Start with the table we loaded above
Make sure that the Date column is in datetime format that we see (note the day before the month)
Calculate the day-of-week (DOW) of each row (to use the built-in functions we need to access the date accessor (.dt))
Calculate the month value of each row
enriched_bike_share_data = (
bike_share_data
.assign(Date = pd.to_datetime(bike_share_data.Date, format='%d/%m/%Y', errors='coerce'))
.assign(DOW = lambda x : x.Date.dt.day_name())
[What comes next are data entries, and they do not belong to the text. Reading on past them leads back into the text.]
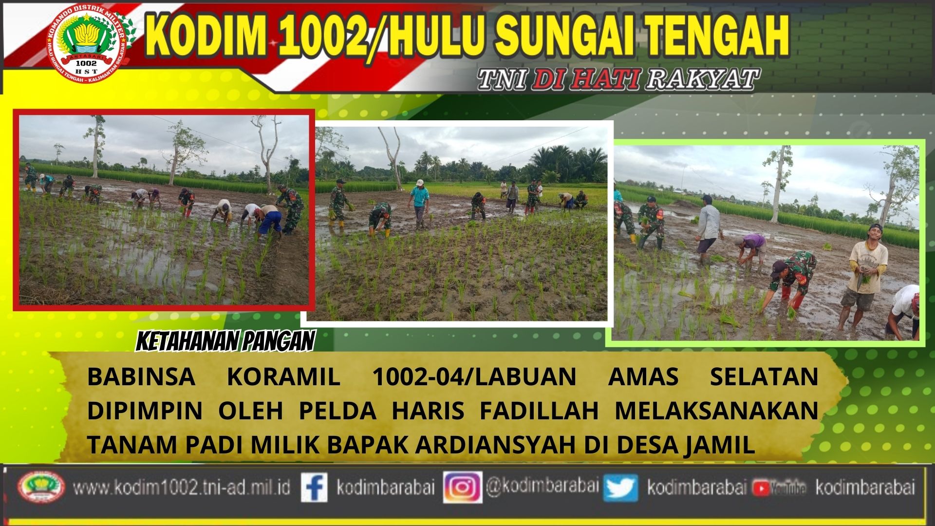 Labuan Amas Selatan, Hulu Sungai Tengah – Anggota Babinsa Koramil 1002-04/Labuan Amas Selatan, Pelda Haris Fadillah, terjun langsung mendampingi petani dalam kegiatan penanaman padi di Desa Jamil, Kecamatan Labuan Amas Selatan, Kabupaten Hulu Sungai Tengah (HST).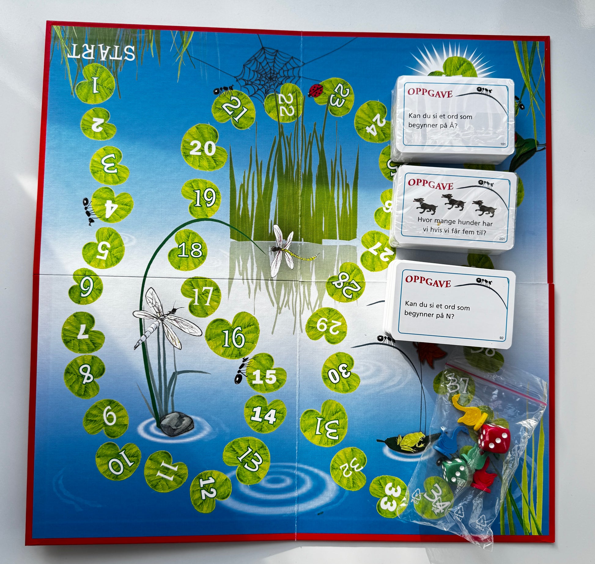 • Innhold: Spillebrett, oppgavekort, terning, brikker og regler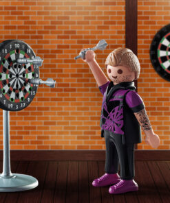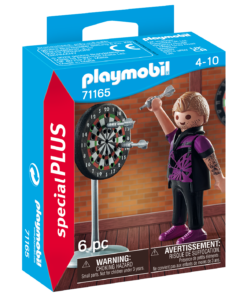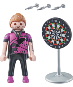 Los dardos no sólo son un pasatiempo popular, sino también un deporte exigente. El jugador de dardos se entrena a diario para mejorar su habilidad y concentración. Con habilidad, lanza los dardos en la diana. Si acierta, ¡puntuación perfecta! El juego incluye una figura PLAYMOBIL, una diana y tres dardos. Los dardos pueden ser sostenidos por la figura en la mano y fijados en 31 posiciones diferentes de la diana. Las figuras PLAYMOBIL Special Plus ofrecen una gran diversión de juego con muchos accesorios a partir de 4 años. Se puede jugar solo con las figuras de forma individual o combinadas con otras gamas de PLAYMOBIL.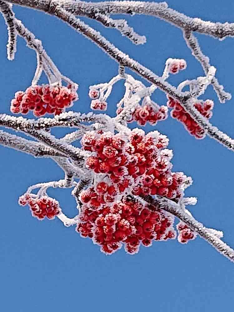 真っ青な空に凍てついたナナカマドがとっても綺麗ね✨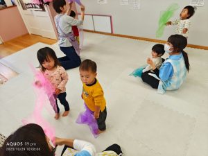 英語遊び 2025 10/30 ブログ 2025年10月30日 2025年10月30日 英語遊びをぽこぽこもくもく合同でしました✨ 楽器もらったよ😊 太鼓ドンドンドン♪ ここから音がするぞ~ 音楽に合わせて、ゆらゆら~❣️ 今日の英語あそびも楽しかったね~🥰 ブログ おひさまひろばがありました🥰 ハッピーハロウィン🎃🦇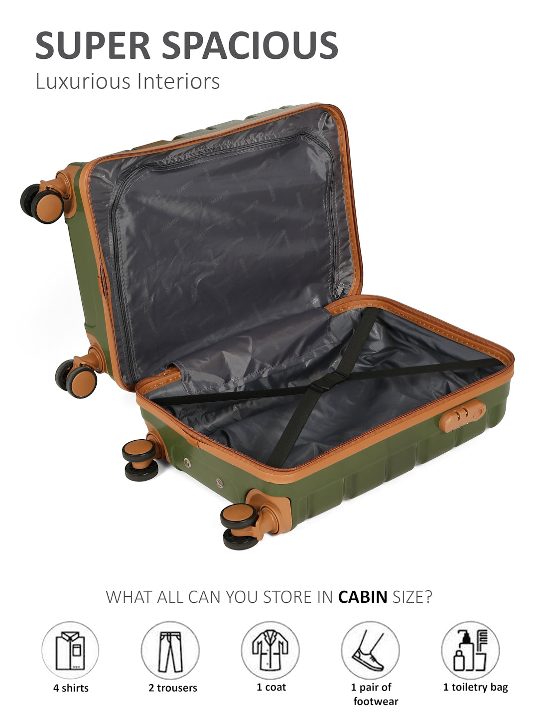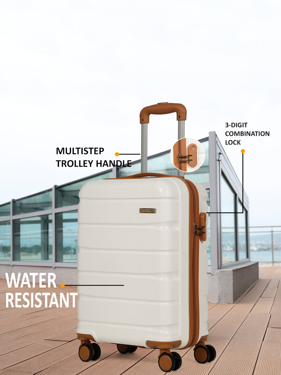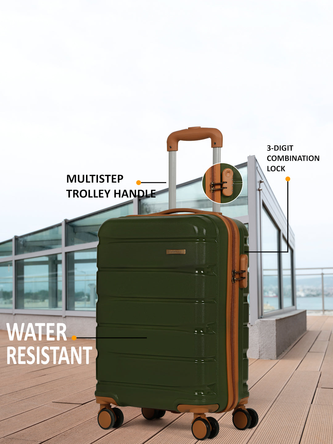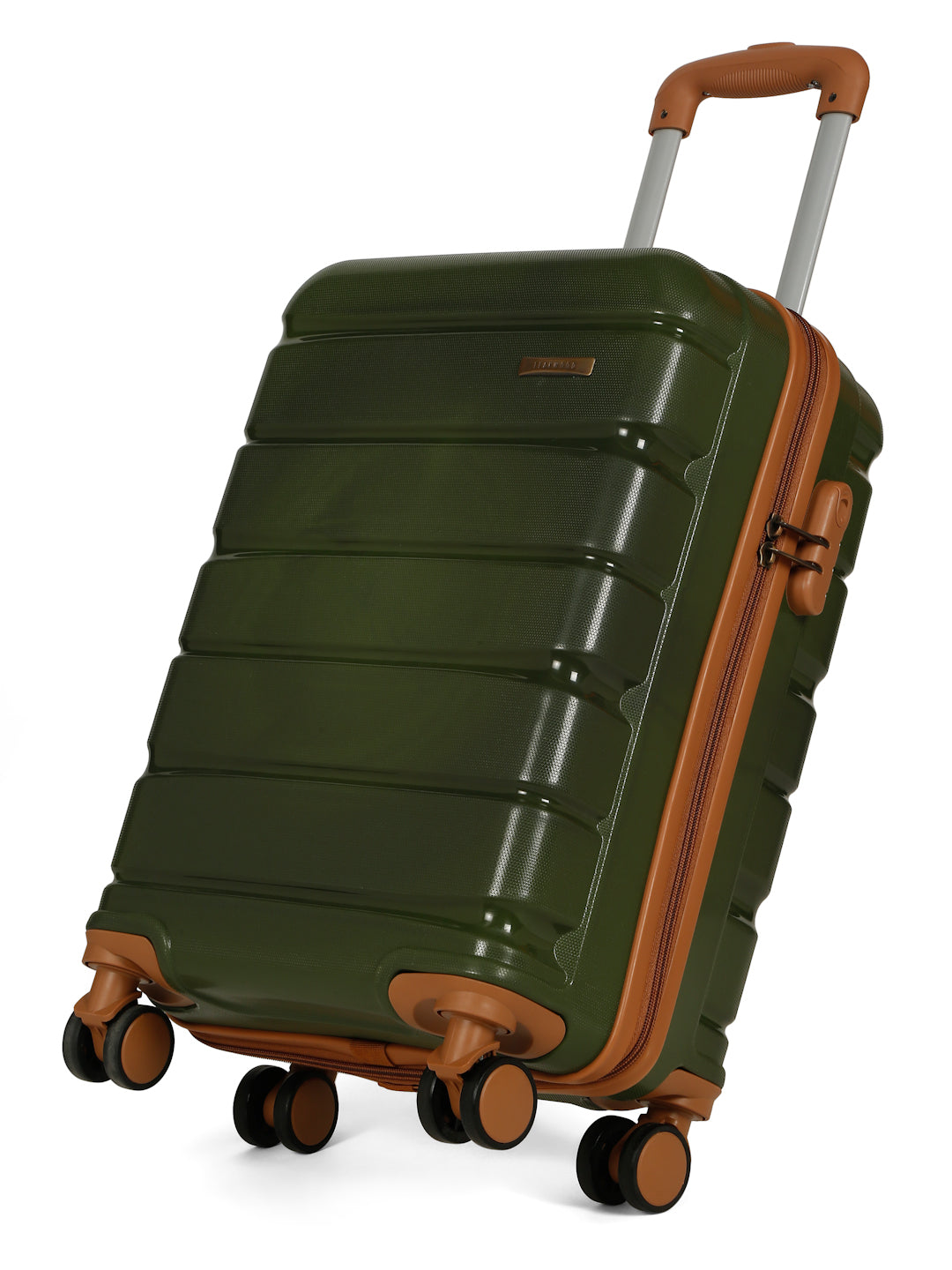 PRODUCT DETAILS: This Teakwood textured hard-sided cabin-sized trolley bag secured with a number lock One handle on the top and a retractable handle on the top Eight 360-degree rotatable corner-mounted skate wheels One main zip compartment Zip lining with two compression straps Has a sub-compartment, secured with a zip closure Warranty: 2 Years Warranty provided by brand/manufacturer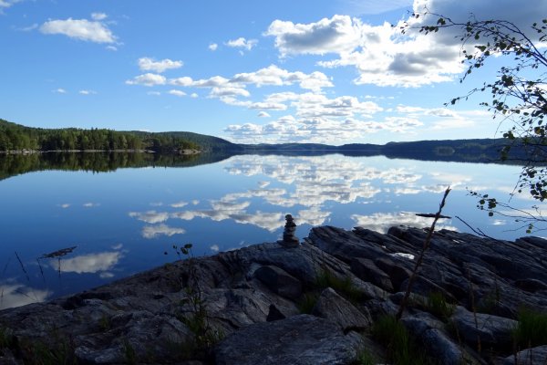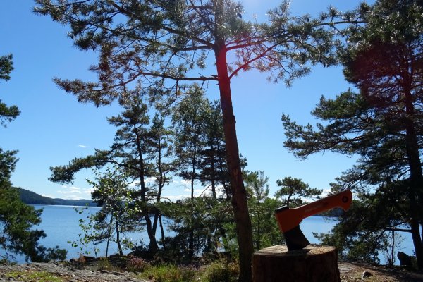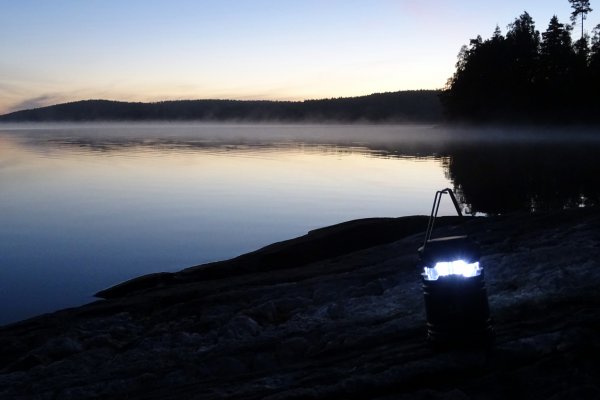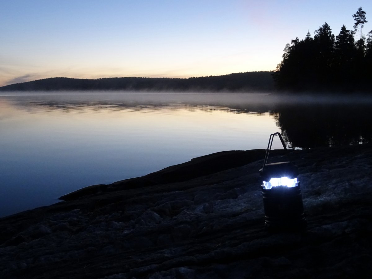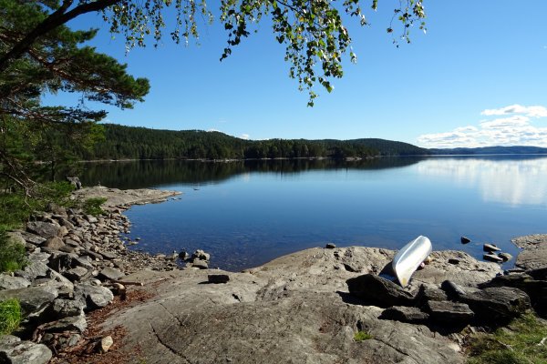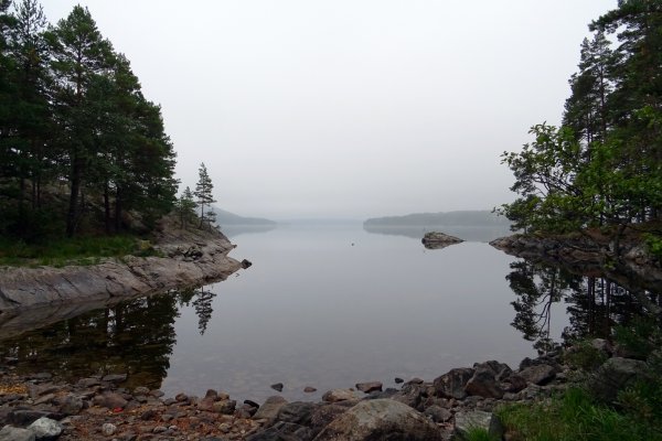 Der neue Morgen begann mit einer Kaffeepause nahe Göteborg - nun bereits in Schweden. Nach für uns über 24 h dauernder Anreise erreichten wir glücklich das Basiscamp von Scandtrack in Lennartsfors kurz nach 9:00 Uhr. Nachdem alle Reiseteilnehmer der beiden angekommenen Reisebusse aus den Sitzkojen gekullert waren, war eine Kurze Teepause mit Hotdog-Snack angesagt. Mit dieser etwas unzureichenden Stärkung eroberten wir kurzerhand die „Adventure-Road“ Richtung Ausrüstungsvergabe quer durch den Wald über Stock und Stein. Am Ort des Geschehens angekommen hieß es Ausrüstung entgegennehmen, kontrollieren, Klamotten umpacken und das ganze 100 m einen Kiesweg zum See heruntertragen (da 2 Wochen gebucht u.a. 2 recht schwere blaue Essenstonnen). Kurzum lässt sich dieser Vorgang aufgrund der Menschenmenge als organisiertes Chaos beschreiben, welches wir zum Glück sehr gut überstanden. Als wir endlich unser Boot beladen hatten und auf das Wasser starten konnten, waren wir so strahlend glücklich wie die Sonne über uns. Auf unserem Weg Richtung Stora Le über den Foxen „trafen“ wir auf dem Wasser wiederankommende Kanuten und meine abenteuerlustige Begleiterin befragte Sie nach einer kurzen Einschätzung ihrer Reise. Diese wurde unter Einschränkung der Wettervorrausetzung positiv zusammengefasst, sodass wir frohen Mutes unsere Reise fortsetzten. Da wir schon etwas Erfahrung im Paddeln hatten kamen wir recht schnell die ersten 8 km unserer Tour voran und landeten auf unserer ersten und einzigen Wildcampingstelle des Urlaubs auf der Insel Bryntorpsön. Dort angekommen bauten wir in der wild-romantisch gelegenen Bucht noch recht umständlich unser Zelt auf und kochten uns Nudeln mit Tomatensoße mithilfe des Spirituskochers. Das vorzügliche Mahl war schnell verspeist und mit etwas Tee ließen wir den Tag durchaus geschafft am Seeufer ausklingen.

.assign(month = lambda x : x.Date.dt.month)
)
enriched_bike_share_data
Date | Rented Bike Count | Hour | Temperature(°C) | Humidity(%) | Wind speed (m/s) | Visibility (10m) | Dew point temperature(°C) | Solar Radiation (MJ/m2) | Rainfall(mm) | Snowfall (cm) | Seasons | Holiday | Functioning Day | DOW | month | |
---|---|---|---|---|---|---|---|---|---|---|---|---|---|---|---|---|
0 | 2017-12-01 | 254 | 0 | -5.2 | 37 | 2.2 | 2000 | -17.6 | 0.0 | 0.0 | 0.0 | Winter | No Holiday | Yes | Friday | 12 |
1 | 2017-12-01 | 204 | 1 | -5.5 | 38 | 0.8 | 2000 | -17.6 | 0.0 | 0.0 | 0.0 | Winter | No Holiday | Yes | Friday | 12 |
2 | 2017-12-01 | 173 | 2 | -6.0 | 39 | 1.0 | 2000 | -17.7 | 0.0 | 0.0 | 0.0 | Winter | No Holiday | Yes | Friday | 12 |
3 | 2017-12-01 | 107 | 3 | -6.2 | 40 | 0.9 | 2000 | -17.6 | 0.0 | 0.0 | 0.0 | Winter | No Holiday | Yes | Friday | 12 |
4 | 2017-12-01 | 78 | 4 | -6.0 | 36 | 2.3 | 2000 | -18.6 | 0.0 | 0.0 | 0.0 | Winter | No Holiday | Yes | Friday | 12 |
... | ... | ... | ... | ... | ... | ... | ... | ... | ... | ... | ... | ... | ... | ... | ... | ... |
8755 | 2018-11-30 | 1003 | 19 | 4.2 | 34 | 2.6 | 1894 | -10.3 | 0.0 | 0.0 | 0.0 | Autumn | No Holiday | Yes | Friday | 11 |
8756 | 2018-11-30 | 764 | 20 | 3.4 | 37 | 2.3 | 2000 | -9.9 | 0.0 | 0.0 | 0.0 | Autumn | No Holiday | Yes | Friday | 11 |
8757 | 2018-11-30 | 694 | 21 | 2.6 | 39 | 0.3 | 1968 | -9.9 | 0.0 | 0.0 | 0.0 | Autumn | No Holiday | Yes | Friday | 11 |
8758 | 2018-11-30 | 712 | 22 | 2.1 | 41 | 1.0 | 1859 | -9.8 | 0.0 | 0.0 | 0.0 | Autumn | No Holiday | Yes | Friday | 11 |
8759 | 2018-11-30 | 584 | 23 | 1.9 | 43 | 1.3 | 1909 | -9.3 | 0.0 | 0.0 | 0.0 | Autumn | No Holiday | Yes | Friday | 11 |
8760 rows × 16 columns
Simple Data Visulizations¶
Start with the enriched table above
Group the data by date column
Calculate the mean of values per each day
Plot the results with date as x and number of rented bike as y
(
enriched_bike_share_data
.groupby('Date')
.mean()
.plot(y='Rented Bike Count')
);
Start with the enriched table above
Group the data by date column
Calculate the mean of values per each day
Plot the results
with scatter plot with temp as x and number of rented bike as y
(
enriched_bike_share_data
.groupby('Date')
.mean()
.plot
.scatter(x='Temperature(°C)', y='Rented Bike Count')
);
Analyzing Corrlations between the columns¶
Start with the enriched table above
Group the data by date column
Calculate the mean of values per each day
Calculate the correlation values between the numeric values
Take the values that are related to the first column (Rented Bike Count), skip the first two rows (self correlation, and hour column)
Add style to the output
Highlight the maximum correlation value with green background
and Highlight the minimum correlation value with red background
(
enriched_bike_share_data
.groupby('Date')
.mean()
.corr()
.iloc[2:,[0]]
.style
.highlight_max(color='green')
.highlight_min(color='red')
)
Rented Bike Count | |
---|---|
Temperature(°C) | 0.699824 |
Humidity(%) | 0.028158 |
Wind speed (m/s) | -0.174859 |
Visibility (10m) | 0.145376 |
Dew point temperature(°C) | 0.602648 |
Solar Radiation (MJ/m2) | 0.684069 |
Rainfall(mm) | -0.214252 |
Snowfall (cm) | -0.240836 |
month | 0.201733 |
We can see that the higher correlation is with the temperature (the higher the temperature, the more bikes are rented), and with the Snowfall (the more snowfall, the fewer bikes are reneted), which make sense.